GOAL OF THE EXERCISE
Nothing but the records themselves, exactly as written and free of pictures, should appear in your response.
○ ○ ○ ○
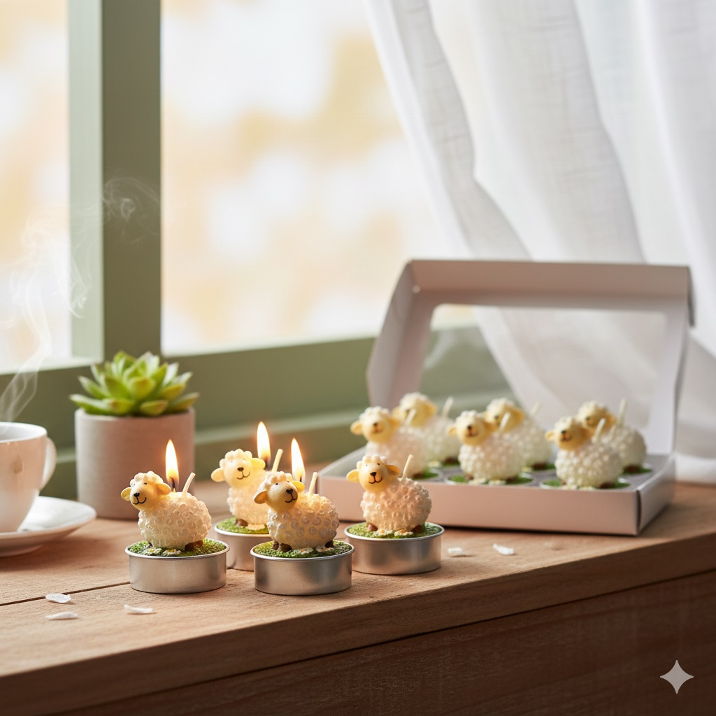 Craquez pour ce lot de 6 bougies chauffe-plat en forme de petits moutons, parfait pour apporter une touche bucolique et joyeuse à votre décoration de table. Chaque bougie est moulée en cire blanche avec des détails soignés : laine bouclée, visage souriant, socle vert fleuri.
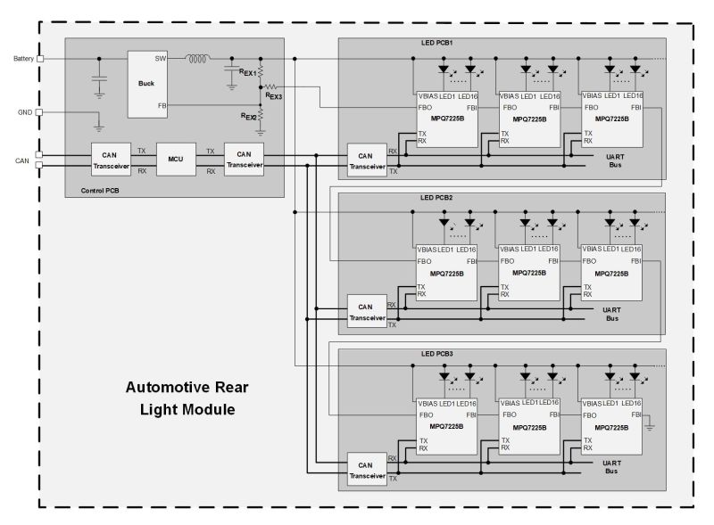 MPQ7228-AEC1製品適応型フィードバック制御 (AFC) とUARTインタフェース付き、16チャネル、電流シンクLEDドライバ、AEC-Q100認定
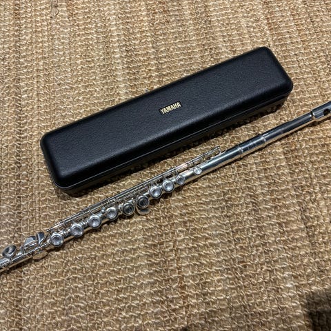 Yamaha YFL-212 poikkihuilu. Kevyt, hopeoitu huilu suljetuilla läpillä. E-mekaniikka. Kova kotelo ja pehmeä kantolaukku olkahihnalla. Soveltuu esimerkiksi aloitteleville ja kehittyville soittajille. Soitettu alle kymmenen kertaa.
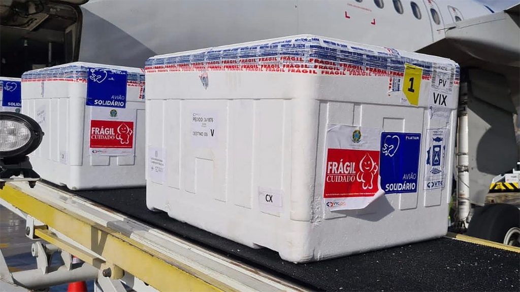 Mais uma remessa de doses de vacinas contra o novo Coronavírus (Covid-19) chegou ao Espírito Santo nesta sexta-feira (06) e sábado (07). Ao todo, o Ministério da Saúde encaminhou 150.420 doses, sendo essa a segunda entrega realizada esta semana.
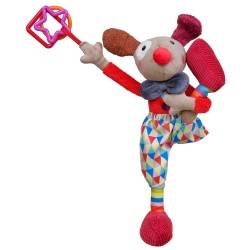 Красочная приятная мышь из серии Magic Circus от Ebulobo для детей от 3-х месяцев. Это клоун по имени Альфред. Он имеет шуршащие уши, на правой ноге колокольчик, пищащую левую ногу, пластиковые кольца на правой руке. Если вы потянете его носик, то у него завибрирует голова.
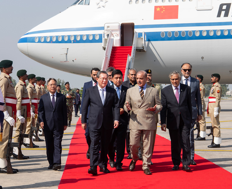 应巴基斯坦总理夏巴兹邀请,国务院总理李强乘包机于当地时间10月14日中午抵达伊斯兰堡努尔·汗机场,开始对巴基斯坦进行正式访问并将出席上海合作组织成员国政府首脑(总理)理事会第二十三次会议。新华社记者 李涛 摄
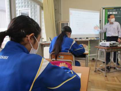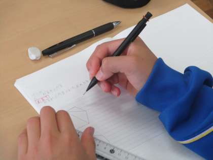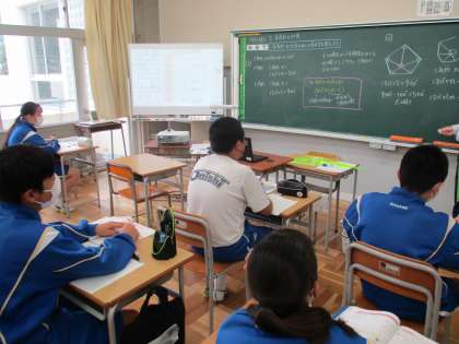 10/13(水) 2年生(数学)「n角形の内角の和」 公開日 2021/10/13 更新日 2021/10/13 Rできごと 小学校で学習した三角形の内角の和180度を活用して、多角形の内角の和を求めます。1つの頂点からそれ以外の頂点まで線を引き、いくつの三角形に分かれるかを調べるとn-2個の三角形ができることから、180°×(nー2)という計算式が出てきます。
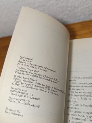 Libro "El primer passeig de l’Spot" del autor Eric Hill, publicado por Fher S.A. Segunda edición del año 1981 basada en el original inglés “Spot’s First Walk”, con ilustraciones sencillas y texto adaptado para primeros lectores. Estéticamente como puede apreciarse en general en buen estado. Formato tapa dura y en catalán. Etiquetas: DeBolsillo, Alfaguara, Anagrama, Planeta, Roca, Salamandra, Seix Barral, Tusquets, Acantilado, Blackie Books, Destino, Siruela, Alianza, Espasa, Grijalbo, HarperCollins, Penguin Random House, Plaza & Janés, Turner, Valdemar, Akal, Cátedra, Martínez Roca, Minotauro, SM, Suma de Letras, Urano, Vicens Vive
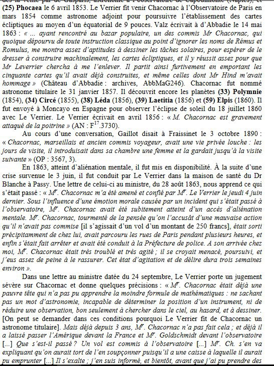 La notice concernant Chacornac dans le livre de Véron est incroyable de méchanceté : "dépourvu de toute instruction" ;), "pauvre diable d'astronome" ;). A lire absolument par les quizzeurs. Après cela, on est en droit de se méfier de toutes les pseudo-vérités véhiculées par des documents privés qui ont été réunis par des historiens de l'astronomie comme Philippe Véron.
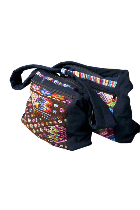 Handgemaakte fairtrade Kano-model tas met traditionele huipil ter decoratie. De tas heeft een ritssluiting en de schouderband is lang genoeg om kruiselings te dragen. Afmeting 42x32cm.
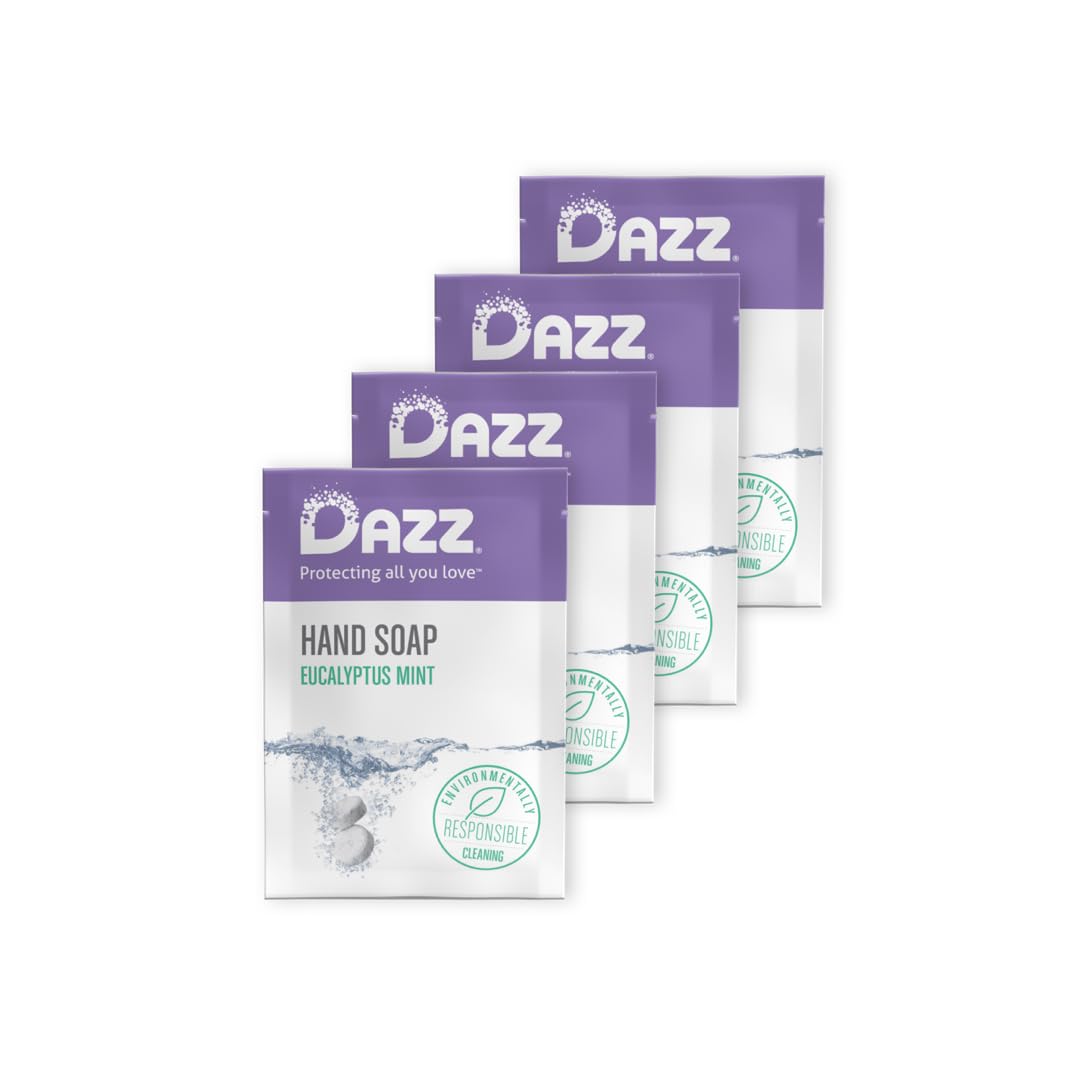 Dazz Foaming Hand Soap Refill Pack (4 Refill Tablet Packets) Hand Soap Refill Naturally Safe & Non Toxic Rich Lather Hand Wash Eucalyptus Mint Scent (Foaming Pump Dispenser Required) Eucalyptus Mint 1 Count (Pack of 1)
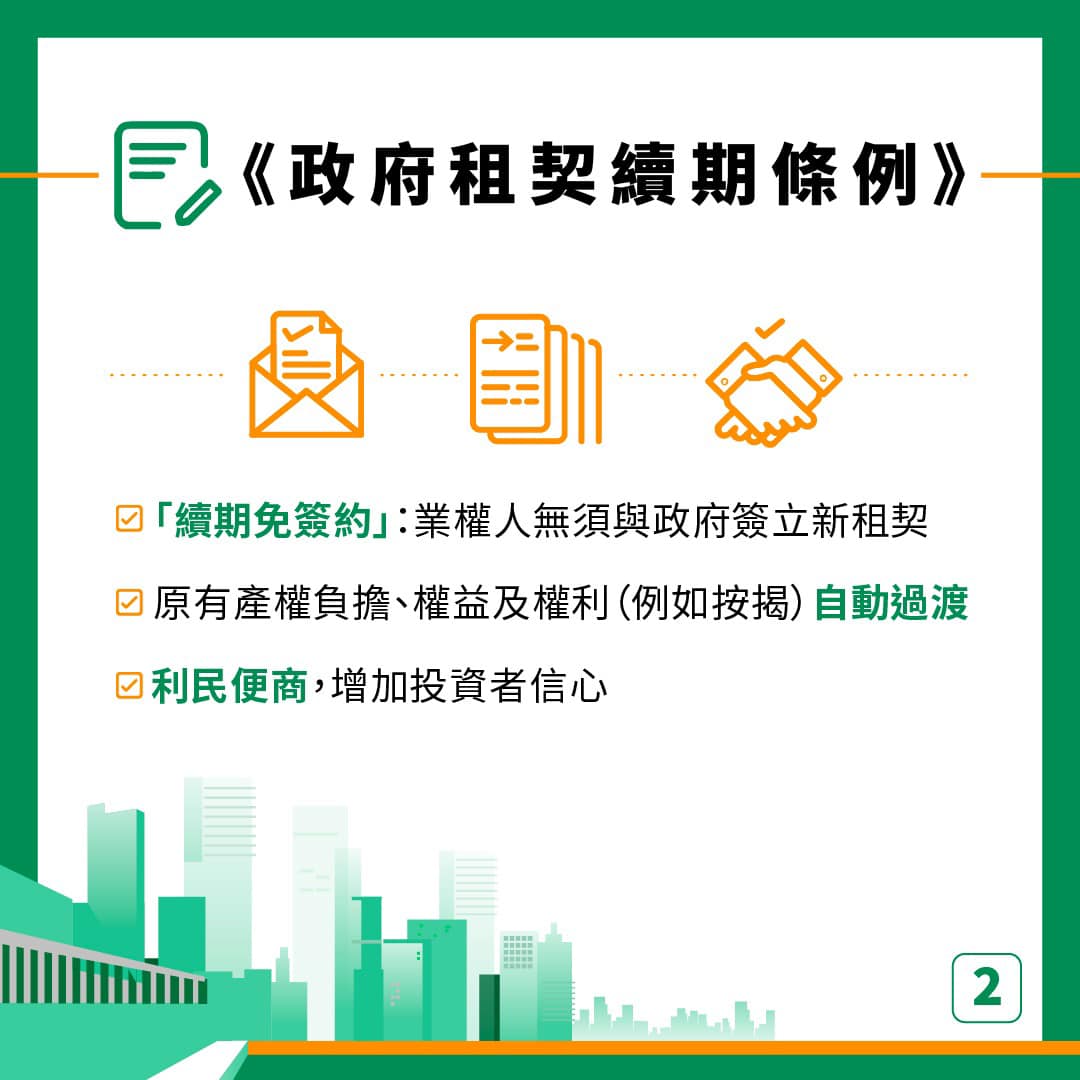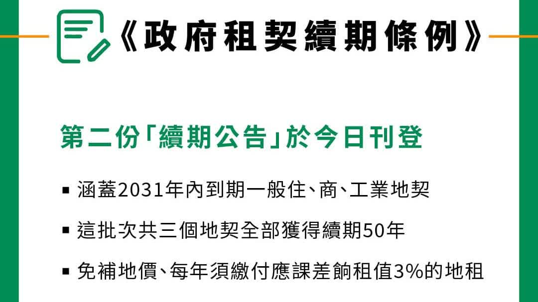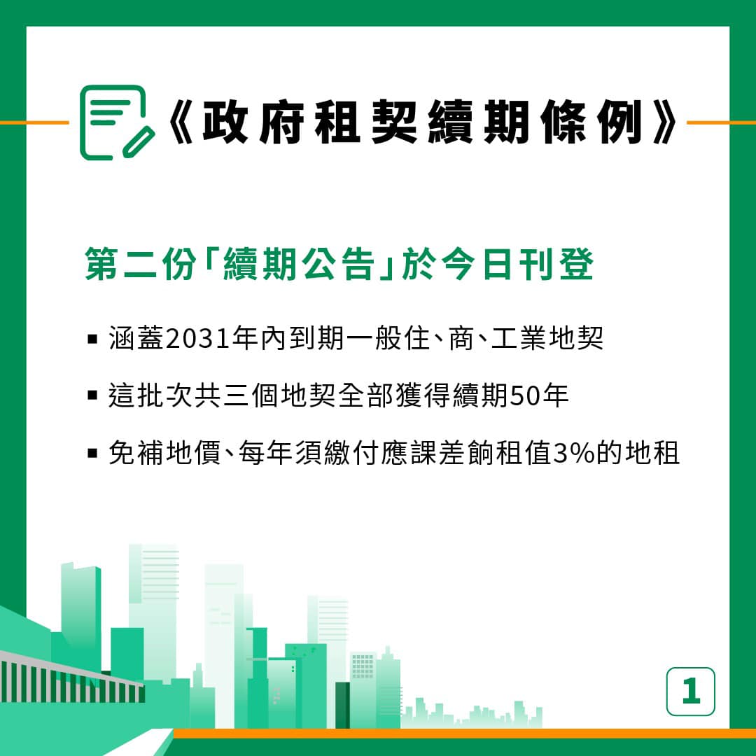 大公文匯全媒體報道,發展局在社交平台發文指,《政府租契續期條例》第二份「續期公告」於今日(27日)刊登,涵蓋2031年內到期的「一般用途地契」,即一般住宅、商業、工業地契,全部獲得續期50年。
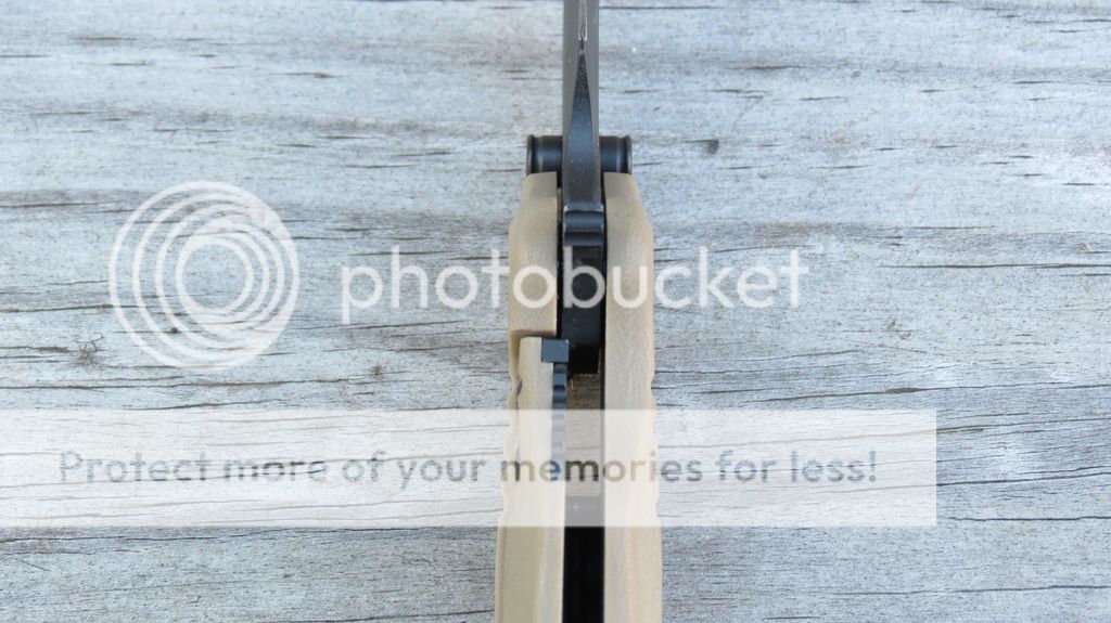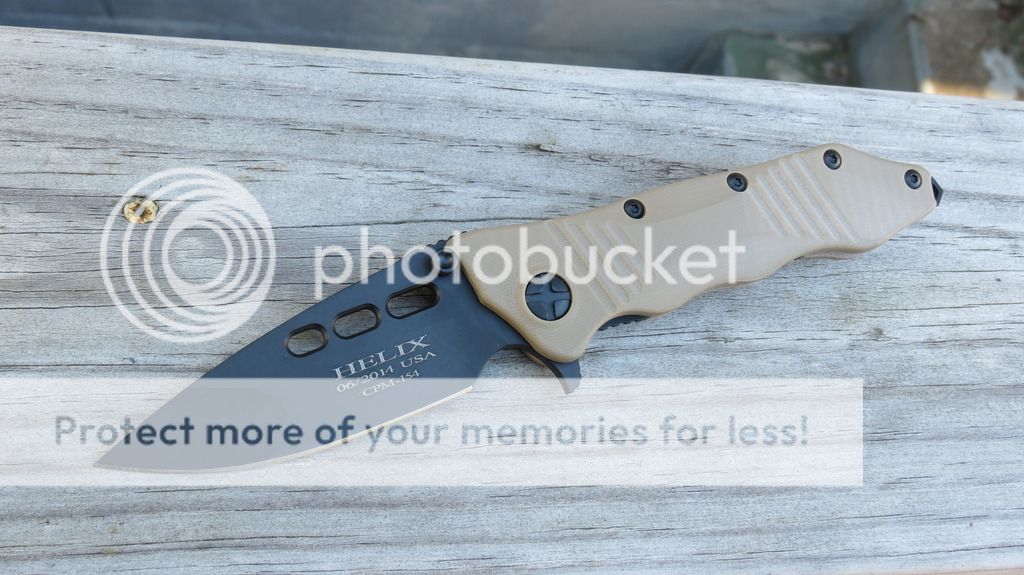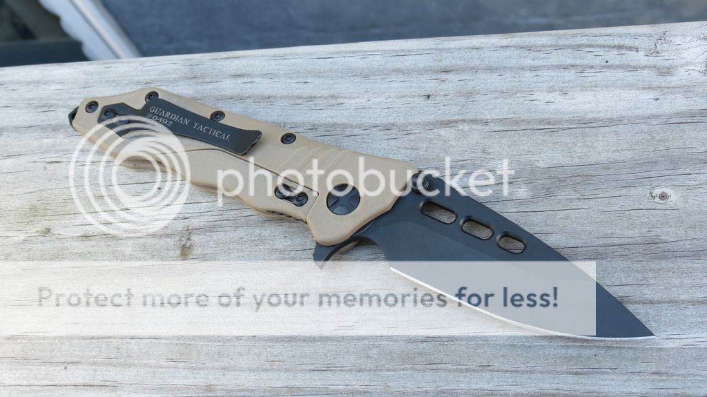 Guardian Tactical Helix with black CPM-154 blade and desert tan G-10 handle. Comes in original GT baggie and box. Dead centered, super smooth flipper on bearings, solid and early lockup. Carried it a couple times and opened a few packages (i.e. cut tape). It has 3-4 really minor marks on it...I had to look it over several times to find them. Full disclosure. $206 net shipped Paypal
○ ○ ○ ○
WORKED SOLUTION
 Craquez pour ce lot de 6 bougies chauffe-plat en forme de petits moutons, parfait pour apporter une touche bucolique et joyeuse à votre décoration de table. Chaque bougie est moulée en cire blanche avec des détails soignés : laine bouclée, visage souriant, socle vert fleuri.
 MPQ7228-AEC1製品適応型フィードバック制御 (AFC) とUARTインタフェース付き、16チャネル、電流シンクLEDドライバ、AEC-Q100認定
 Yamaha YFL-212 poikkihuilu. Kevyt, hopeoitu huilu suljetuilla läpillä. E-mekaniikka. Kova kotelo ja pehmeä kantolaukku olkahihnalla. Soveltuu esimerkiksi aloitteleville ja kehittyville soittajille. Soitettu alle kymmenen kertaa.
 Mais uma remessa de doses de vacinas contra o novo Coronavírus (Covid-19) chegou ao Espírito Santo nesta sexta-feira (06) e sábado (07). Ao todo, o Ministério da Saúde encaminhou 150.420 doses, sendo essa a segunda entrega realizada esta semana.
 Красочная приятная мышь из серии Magic Circus от Ebulobo для детей от 3-х месяцев. Это клоун по имени Альфред. Он имеет шуршащие уши, на правой ноге колокольчик, пищащую левую ногу, пластиковые кольца на правой руке. Если вы потянете его носик, то у него завибрирует голова.
 应巴基斯坦总理夏巴兹邀请,国务院总理李强乘包机于当地时间10月14日中午抵达伊斯兰堡努尔·汗机场,开始对巴基斯坦进行正式访问并将出席上海合作组织成员国政府首脑(总理)理事会第二十三次会议。新华社记者 李涛 摄
 10/13(水) 2年生(数学)「n角形の内角の和」 公開日 2021/10/13 更新日 2021/10/13 Rできごと 小学校で学習した三角形の内角の和180度を活用して、多角形の内角の和を求めます。1つの頂点からそれ以外の頂点まで線を引き、いくつの三角形に分かれるかを調べるとn-2個の三角形ができることから、180°×(nー2)という計算式が出てきます。
 Libro "El primer passeig de l’Spot" del autor Eric Hill, publicado por Fher S.A. Segunda edición del año 1981 basada en el original inglés “Spot’s First Walk”, con ilustraciones sencillas y texto adaptado para primeros lectores. Estéticamente como puede apreciarse en general en buen estado. Formato tapa dura y en catalán. Etiquetas: DeBolsillo, Alfaguara, Anagrama, Planeta, Roca, Salamandra, Seix Barral, Tusquets, Acantilado, Blackie Books, Destino, Siruela, Alianza, Espasa, Grijalbo, HarperCollins, Penguin Random House, Plaza & Janés, Turner, Valdemar, Akal, Cátedra, Martínez Roca, Minotauro, SM, Suma de Letras, Urano, Vicens Vive
 La notice concernant Chacornac dans le livre de Véron est incroyable de méchanceté : "dépourvu de toute instruction" ;), "pauvre diable d'astronome" ;). A lire absolument par les quizzeurs. Après cela, on est en droit de se méfier de toutes les pseudo-vérités véhiculées par des documents privés qui ont été réunis par des historiens de l'astronomie comme Philippe Véron.
 Handgemaakte fairtrade Kano-model tas met traditionele huipil ter decoratie. De tas heeft een ritssluiting en de schouderband is lang genoeg om kruiselings te dragen. Afmeting 42x32cm.
 Dazz Foaming Hand Soap Refill Pack (4 Refill Tablet Packets) Hand Soap Refill Naturally Safe & Non Toxic Rich Lather Hand Wash Eucalyptus Mint Scent (Foaming Pump Dispenser Required) Eucalyptus Mint 1 Count (Pack of 1)
 大公文匯全媒體報道,發展局在社交平台發文指,《政府租契續期條例》第二份「續期公告」於今日(27日)刊登,涵蓋2031年內到期的「一般用途地契」,即一般住宅、商業、工業地契,全部獲得續期50年。
 Guardian Tactical Helix with black CPM-154 blade and desert tan G-10 handle. Comes in original GT baggie and box. Dead centered, super smooth flipper on bearings, solid and early lockup. Carried it a couple times and opened a few packages (i.e. cut tape). It has 3-4 really minor marks on it...I had to look it over several times to find them. Full disclosure. $206 net shipped Paypal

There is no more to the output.